ROG Strix G17 G713PV(ASUS)
289,800円 229,800円
液晶:17.3インチQHD 240Hz
重量:約2.80kg
CPU:Ryzen 9 7945HX
GPU:GeForce RTX 4060 Mobile
メモリ:DDR5-4800 16GB
ストレージ:SSD 1TB Gen4 NVMe
コスパ:調査中
17.3インチQHD対応ディスプレイを搭載したゲーミングノートPCだ。リフレッシュレートは240Hz対応でより滑らかなゲーム描写が実現する。グラフィックスにはAda Lovelace世代のGeForce RTX 4060 Mobileを搭載している。ディスプレイ自体はQHDに対応しているものの性能的にはフルHDを基本に考えるとよいだろう。もちろんタイトルによってはメモリDDR5-4800 16GB・SSD 1TB Gen4 NVMeと構成も平均以上だ。
ROG Strix G17 G713PI(ASUS)
339,800円 299,800円
液晶:17.3インチQHD 240Hz
重量:約2.80kg
CPU:Ryzen 9 7945HX
GPU:GeForce RTX 4070 Mobile
メモリ:DDR5-4800 32GB
ストレージ:SSD 1TB Gen4 NVMe
コスパ:調査中
Ryzen 9 7945HX×GeForce RTX 4070 Mobile搭載のハイクラスのゲーミングノートPCだ。高解像度や高リフレッシュレートでのゲームプレイも実現しやすい。ASUSオリジナルの冷却ファンを搭載していてハイクラスのモデルにふさわしい冷却性能を持つ。CPU・GPUを効率的に冷却することができる。当該モデルは17.3インチQHDディスプレイを搭載している。リフレッシュレートは240Hz対応でデスクトップパソコンに近いゲーム環境を構築できる。本体重量が約2.80kgと重いので頻繁に持ち運びをしたいと考えている方は注意しよう。メモリDDR5-4800 32GB・SSD 1TB Gen4 NVMeと構成も抜群だ。
Alpha 17 C7V Alpha-17-C7VG-3034JP(MSI)
液晶:16.0インチWQHD 165Hz
重量:約2.80kg
CPU:Ryzen 9 7945HX
GPU:GeForce RTX 4070 Mobile
メモリ:DDR5-4800 32GB
ストレージ:SSD 2TB Gen4 NVMe
コスパ:調査中
MSIからもハイクラスのモデルがリリースされている。17.3インチWQHDディスプレイ(165Hz)を搭載していて快適なゲームプレイが可能だ。Ryzen 9 7945HX×GeForce RTX 4070 Mobile搭載のモデルだ。GeForce RTX 3080 Mobileに匹敵する高い性能を持ち、WQHDでのゲームプレイにも対応できる。70番台のグラフィックボードも性能が底上げされている。メモリDDR5-4800 32GB・SSD 2TB Gen4 NVMeとずば抜けた構成を持っている。カスタマイズを考えてなくても十分通用する一台だ。
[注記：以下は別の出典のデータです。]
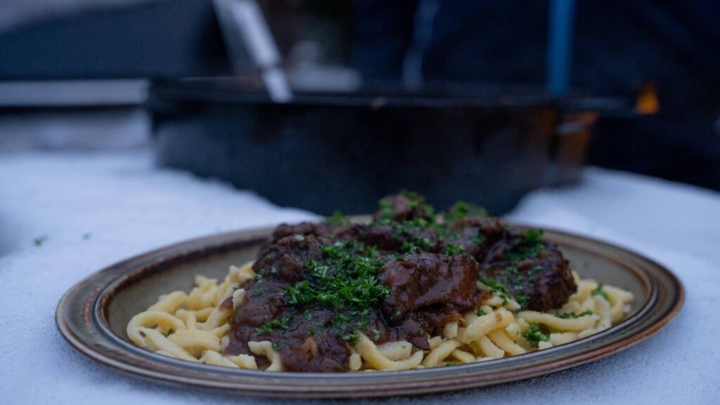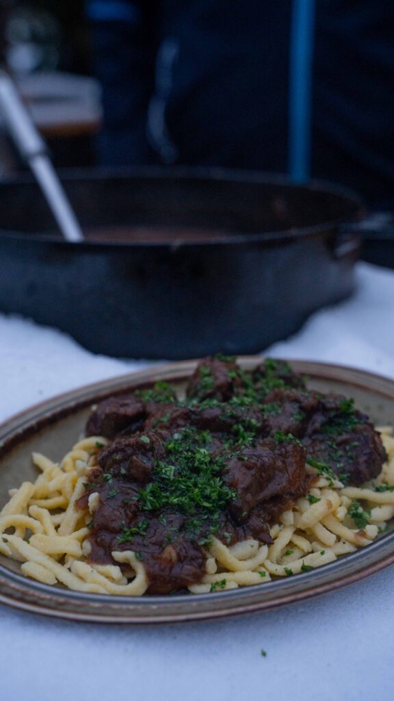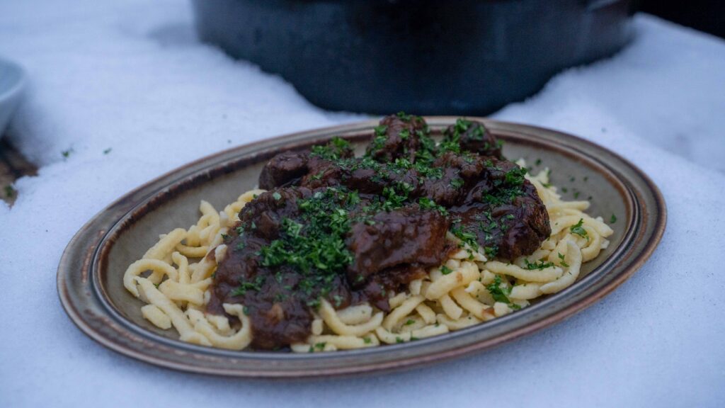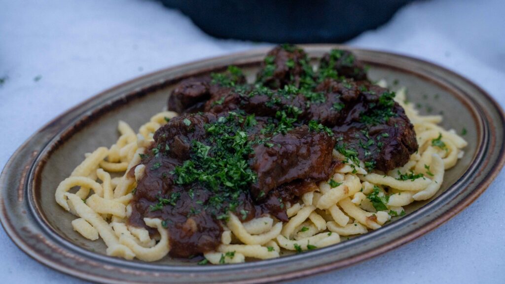 Klassisch serviert wird das Dutch Oven Gulasch vom Grill mit Spätzle. Die Soße haftet ideal an der Oberfläche. Frisch gehackte Petersilie sorgt zum Abschluss für Frische und Ausgleich.

ROG Strix SCAR 17 G733PY(ASUS)
549,800円 499,800円
液晶:17.3インチQHD 240Hz
重量:約2.80kg
CPU:Ryzen 9 7945HX
GPU:GeForce RTX 4090 Mobile
メモリ:DDR5-4800 32GB
ストレージ:SSD 1TB Gen4 NVMe
コスパ:調査中
税込50万円弱のハイエンドゲーミングノートPCだ。グラフィックスにはAda Lovelace世代のフラグシップモデルであるGeForce RTX 4090 Mobileを搭載している。デスクトップ向けモデルで言えばGeForce RTX 3080 Tiと同等の高い性能を有している。デスクトップパソコンに近い環境を構築できるのは頼もしい。本体も17.3インチと大きくゲームに没頭できる。高解像度でのゲームプレイもお手の物だ。メモリDDR5-4800 32GB・SSD 1TB Gen4 NVMeと構成も充実している。